May 10th, 2012 on 2:52 PM
You aren’t going to like this “humor” then :)
http://www.happyplace.com/15924/what-north-carolinas-next-ten-amendments-will-probably-look-like
May 22nd, 2012 on 12:32 AM
Ross,
I hope what I say will be understood; especially when the accepted thing for me to do would be to say nothing.
I respectfully abstain on this issue. It is one of many that is a Catch-22 for me; too many people that come down on extreme sides of it will be angry with me no matter what I say.
I spoke my opinion– not on marriage, but on my personal story and experience about same-gender relationships. On Vox. I was openly harassed, ridiculed, and even stalked for it. I am not making this up, and I am trying to be plain without melodramatic overtones, although I am most likely failing.

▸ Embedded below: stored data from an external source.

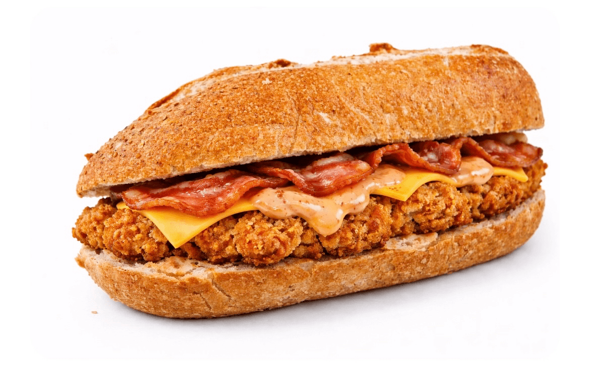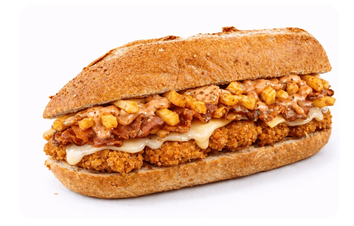 Crispy chicken cutlet, onion rings, mozzarella, bacon, spicy fries, Russian dressing
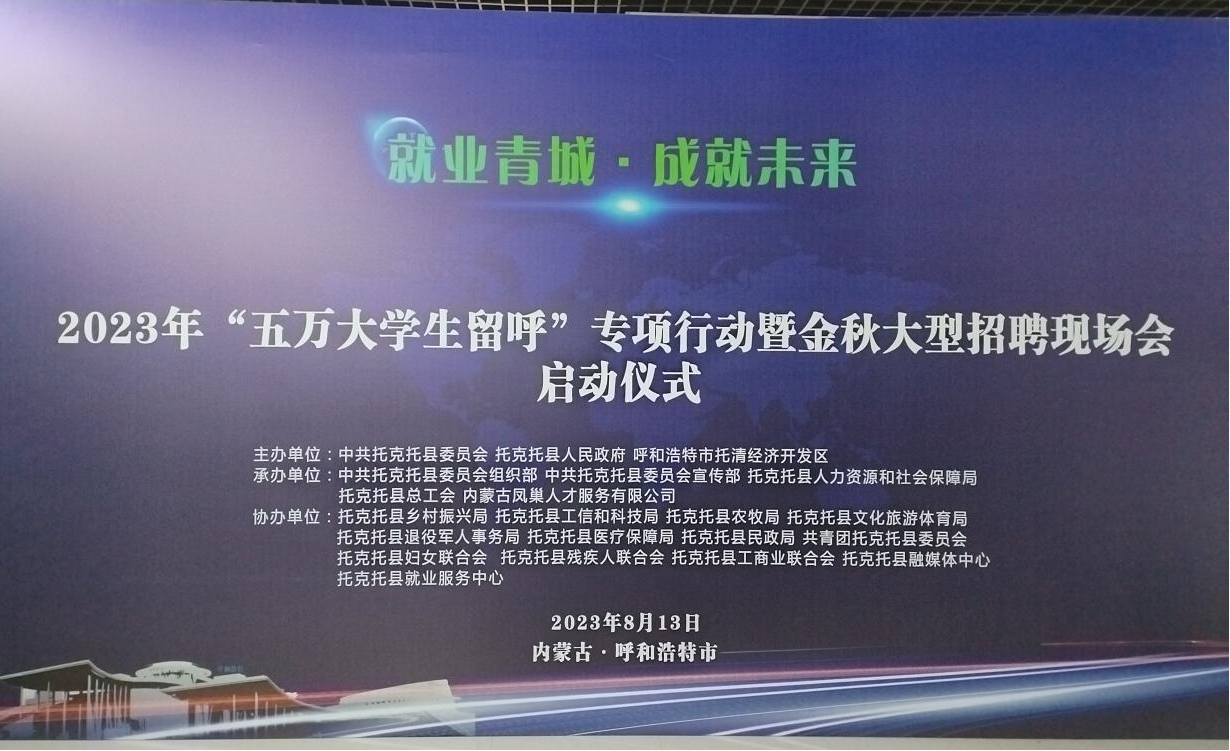 为全面贯彻习近平总书记考察内蒙古的重要讲话精神,落实党中央、国务院稳就业保就业决策部署,8月13日上午由托克托县委、县政府主办,托克托县委组织部、县委宣传部、县总工会、县人力资源和社会保障局承办的2023年“五万大学生留呼”工程专项行动暨金秋大型线上线下招聘会在托克托县总工会工人文化宫成功举办。
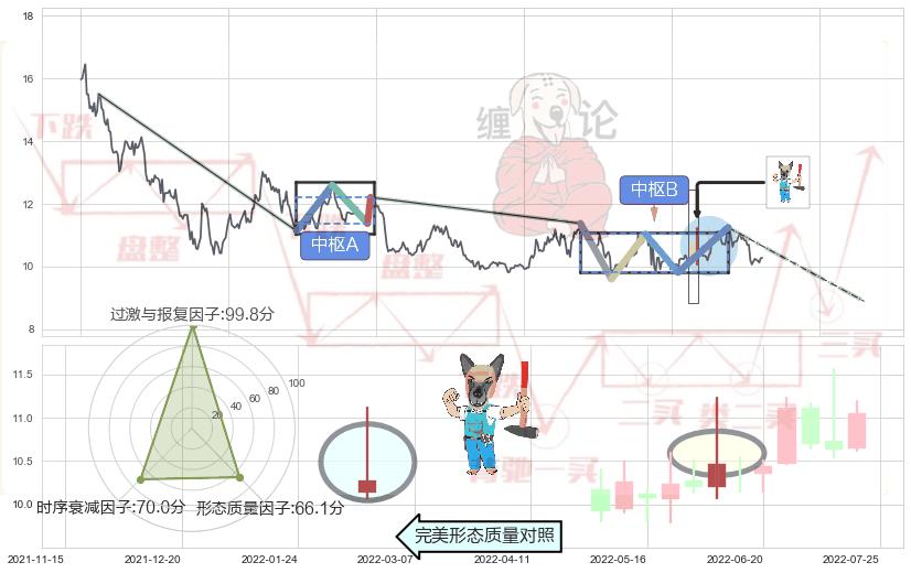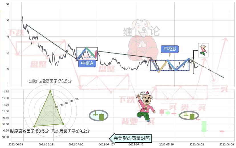 ➢ 下跌镊子线(n形磁铁) 🔜 缠论中枢点破位中枢B支撑下拉 综合量化分数:47.37 【中性】

I have been blasted because I don’t neatly fall into anyone’s camp; there is always something for someone to be angry with me about. Because I am associated with such-and-such, or them-and-thems, or something else that was WRONG in their eyes, or not a “we” or an “us”.
Harassed by whom? Probably not who you’re thinking, or the sort of person you think would do so.
I have a personal opinion that I do share with friends and family I trust. You’d probably find it reasonable. But I’m not leaving myself open to ridicule, I hope. Ask me privately, and not here. And I am NOT going to be dragged into any fights. I’ve seen plenty of name-calling all around and I don’t want any more of that, thanks all the same.